“Call spirits from the vasty deep,”
who will not
“Come when you do call for them.”
What to do, then? You are sitting, perhaps, in your coracle, upon some mountain tarn, waiting for a wind, and waiting in vain.
“Keine luft an keine seite,
Todes-stille fürchterlich;”
as Göthe has it—
“Und der schiffer sieht bekümmert
Glatte fläche rings umher.”
You paddle to the shore on the side whence the wind ought to come, if it had any spirit in it; tie the coracle to a stone, light your cigar, lie down on your back upon the grass, grumble, and finally fall asleep. In the meanwhile, probably, the breeze has come on, and there has been half-an-hour’s lively fishing curl; and you wake just in time to see the last ripple of it sneaking off at the other side of the lake, leaving all as dead-calm as before.
Now how much better, instead of falling asleep, to have walked quietly round the lake side, and asked of your own brains and of Nature the question, “How did this lake come here?
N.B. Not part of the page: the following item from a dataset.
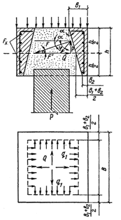 Рис. 1. Схема расчета ростверка на продавливание колонной При стаканном сопряжении сборной колонны с ростверком и эксцентриситете e >0,5dк, (dк-высота сечения колонны) величину SPфi допускается определять, принимая величину момента не более M=0,5dкN, при этом высота ростверка определяется из расчета на продавливание по периметру колонны. При полном моменте M=eN и соответствующей ему сумме реакций SPфi высота ростверка должна, кроме того, проверяться на продавливание по наружному периметру стакана; г) рабочая высота составных ростверков принимается как для цельных ростверков той же высоты. 5. При сборных железобетонных двухветвевых колоннах, имеющих общий стакан, расчет ростверка на продавливание выполняется как при колонне сплошного прямоугольного сечения, соответствующего внешним габаритам двухветвевой колонны. Расчет нижней плиты ростверка на продавливание угловой сваей по п. 3 настоящего приложения должен производиться при следующих условиях (рис. 2): а) считается, что две рабочие боковые поверхности пирамиды продавливания проходят от плоскости внутренних граней сваи до ближайших граней ступени при ступенчатом ростверке; б) рабочая высота ростверка hi при определении габаритов пирамиды продавливания принимается равной высоте нижней ступени ростверка; в) расчетная продавливающая сила Nnp принимается равной расчетной нагрузке на угловую сваю, включая влияние местной нагрузки (например, от стенового заполнения) с учетом моментов в двух направлениях. 6. Расчет прочности наклонных сечений ростверка на действие поперечной силы и на изгиб должен производиться в соответствии с требованиями главы СНиП по проектированию бетонных и железобетонных конструкций применительно к случаю изгибаемых элементов без поперечной арматуры с учетом дополнительных требований, изложенных в пп. 7 и 8. При расчете на поперечную силу предельные значения расчетных величин должны приниматься как для сплошных плит.

What does it mean?”
It is a hole in the earth. True, but how was the hole made? There must have been huge forces at work to form such a chasm. Probably the mountain was actually opened from within by an earthquake; and when the strata fell together again, the portion at either end of the chasm, being perhaps crushed together with greater force, remained higher than the centre, and so the water lodged between them. Perhaps it was formed thus. You will at least agree that its formation must have been a grand sight enough, and one during which a spectator would have had some difficulty in keeping his footing.